Tupac Shakur’s Baltimore residence is ready for purchase

In the 26 years since his murder, Tupac Shakur, aka 2Pac, has become the closest thing to what you could consider a hip-hop deity. There are theories of him faking his death and moving to Cuba; his “Thug Life” tagline has reached a place in pop culture that he may not have even wanted; and it feels safe to say that, stylistically, he’s the most influential rapper ever in terms of what the genre has become in his absence.
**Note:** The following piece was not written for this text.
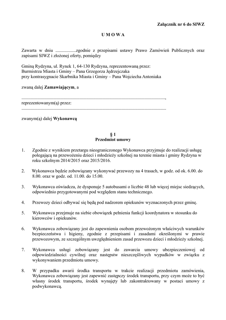Załącznik nr 6 do SIWZ U M O WA Zawarta w dniu ..................zgodnie z przepisami ustawy Prawo Zamówień Publicznych oraz zapisami SIWZ i złoŜonej oferty, pomiędzy Gminą Rydzyna, ul. Rynek 1, 64-130 Rydzyna, reprezentowaną przez: Burmistrza Miasta i Gminy – Pana Grzegorza Jędrzejczaka przy kontrasygnacie Skarbnika Miasta i Gminy – Pana Wojciecha Antoniaka zwaną dalej Zamawiającym, a .............................................................................................................................., reprezentowanym(ą) przez: ............................................................................................................................... zwanym(ą) dalej Wykonawcą §1 Przedmiot umowy 1. Zgodnie z wynikiem przetargu nieograniczonego Wykonawca przyjmuje do realizacji usługę polegającą na przewoŜeniu dzieci i młodzieŜy szkolnej na terenie miasta i gminy Rydzyna w roku szkolnym 2014/2015 oraz 2015/2016. 2. Wykonawca będzie zobowiązany wykonywać przewozy na 4 trasach, w godz. od ok. 6.00. do 8.00. oraz w godz. od. 11.00. do 15.00. 3. Wykonawca oświadcza, Ŝe dysponuje 5 autobusami o liczbie 48 lub więcej miejsc siedzących, odpowiednio przygotowanymi pod względem stanu technicznego. 4. Przewozy dzieci odbywać się będą pod nadzorem opiekunów wyznaczonych przez gminę. 5. Wykonawca przejmuje na siebie obowiązek pełnienia funkcji koordynatora w stosunku do kierowców i opiekunów. 6. Wykonawca zobowiązany jest do zapewnienia osobom przewoŜonym właściwych warunków bezpieczeństwa i higieny, zgodnie z przepisami i zasadami określonymi w prawie przewozowym, ze szczególnym uwzględnieniem zasad przewozu dzieci i młodzieŜy szkolnej. 7. Wykonawca usługi zobowiązany jest do zawarcia umowy ubezpieczeniowej od odpowiedzialności cywilnej oraz następstw nieszczęśliwych wypadków w związku z wykonywaniem przedmiotu umowy. 8. W przypadku awarii środka transportu w trakcie realizacji przedmiotu zamówienia, Wykonawca zobowiązany jest zapewnić zastępczy środek transportu, przy czym moŜe to być własny środek transportu, środek wynajęty lub zakontraktowany w postaci umowy z podwykonawcą. 9. Zamawiający zastrzega sobie prawo wprowadzenia zmian w zakresie zmniejszenia ilości kilometrów, liczby dzieci, godzin odwoŜenia i dowoŜenia oraz liczby autobusów, a takŜe prawo wskazania dodatkowych miejsc przestankowych, w zaleŜności od zapotrzebowania. §2 Wynagrodzenie 1. Strony ustalają, Ŝe obowiązującą formą wynagrodzenia, za wykonanie przedmiotu umowy, zgodnie ze złoŜoną ofertą, jest wynagrodzenie w wysokości netto: ........................................ zł za 1 km przewozu, plus obowiązujący podatek VAT w wysokości: ...........zł (....%), co stanowi kwotę brutto:........................................zł za km przewozu, słownie ...................................... zł. 2. Zamawiający dopuszcza zmianę ceny za 1 km co 3 miesiące, o procentowy wskaźnik zmiany ceny oleju napędowego, przy czym zmiana moŜe dotyczyć jedynie kosztów paliwa w cenie za 1 km. Ww. wskaźnik zmiany ceny naleŜy rozumieć jako średnią cenę oleju napędowego z ostatnich 3 miesięcy, publikowanych na stronie internetowej Polskiej Izby Paliw Płynnych (www.paliwa.pl – wykres cen paliw), w odniesieniu do ceny z ostatniego notowania przed złoŜeniem wniosku (www.paliwa.pl – ceny paliw). 3. Wykonawca zobowiązuje się do prowadzenia wykazu dni i ewidencji wskazań liczników autobusów w kaŜdym dniu, w którym w danym miesiącu świadczona jest usługa przewozu i przedkładania tego wykazu wraz z fakturą Zamawiającemu. 4. Za wykonane usługi strony będą się rozliczać fakturami wystawionymi przez Wykonawcę po upływie miesiąca, w którym wykonano usługę. 5. Wynagrodzenie płatne będzie przelewem w ciągu 14 dni od daty doręczenia faktury wraz z dokumentami rozliczeniowymi. §3 Termin wykonania Zamówienie naleŜy zrealizować w terminach: a) od dnia 1 września 2014 r. do końca roku szkolnego 2015 r. b) od dnia 1 września 2015 r. do końca roku szkolnego 2016 r. §4 Kary umowne 1. Wykonawca zapłaci Zamawiającemu kary umowne w przypadku: 1) odstąpienia od umowy przez Zamawiającego z przyczyn, za które ponosi odpowiedzialność Wykonawca – w wysokości 5.000 zł, 2) spowodowania przerwy w realizacji przedmiotu zamówienia – w wysokości 1.000 zł za kaŜdy dzień przerwy w realizacji przedmiotu zamówienia. 3) braku zapłaty lub nieterminowej zapłaty wynagrodzenia naleŜnego podwykonawcom lub dalszym podwykonawcom – w wysokości 5.000 zł, 4) nieprzedłoŜenia do zaakceptowania projektu umowy o podwykonawstwo lub projektu zmiany umowy o podwykonawstwo - w wysokości 2.000 zł, 5) nieprzedłoŜenia poświadczonej za zgodność z podwykonawstwo lub jej zmiany - w wysokości 2.000 zł, oryginałem kopii umowy o 6) braku zmiany umowy o podwykonawstwo w zakresie terminu zapłaty - w wysokości 2.000 zł. 2. Zamawiający ma prawo dochodzić odszkodowania uzupełniającego na zasadach określonych w Kodeksie cywilnym, jeŜeli szkoda przewyŜszy wysokość kar umownych. 3. Ewentualne kary umowne Zamawiający ma prawo potrącić z wynagrodzenia naleŜnego Wykonawcy. §5 Odstąpienie od umowy 1. Zamawiającemu przysługuje prawo do odstąpienia od umowy w terminie 10 dni od powzięcia wiadomości o następujących zdarzeniach: 1) w razie wystąpienia istotnej zmiany okoliczności powodującej, Ŝe wykonanie umowy nie leŜy w interesie publicznym, czego nie moŜna było przewidzieć w chwili zawarcia umowy, 2) gdy zostanie ogłoszona upadłość lub otwarcie likwidacji firmy Wykonawcy, 3) gdy Wykonawca nie rozpoczął wykonywania usługi bez uzasadnionych przyczyn oraz nie kontynuuje ich pomimo wezwania Zamawiającego złoŜonego na piśmie, 4) gdy Wykonawca przerwał realizację usługi bez uzasadnionych przyczyn i przerwa ta trwa dłuŜej niŜ 1 dzień. 2. Odstąpienie od umowy powinno nastąpić w formi

But before he meant any of that to the world, Shakur was a child brought up in a family with Black Panther Party ties that bounced around quite a bit. One of the more crucial stops they made was during his teen years, when he and his mom moved from New York City to Baltimore. You could argue that it’s here where Pac started putting the pieces together for his life as a once-in-a-generation kind of artist. At Roland Park Middle School and then at the Baltimore School for the Arts, he took up dance, theater and, of course, rapping with friends.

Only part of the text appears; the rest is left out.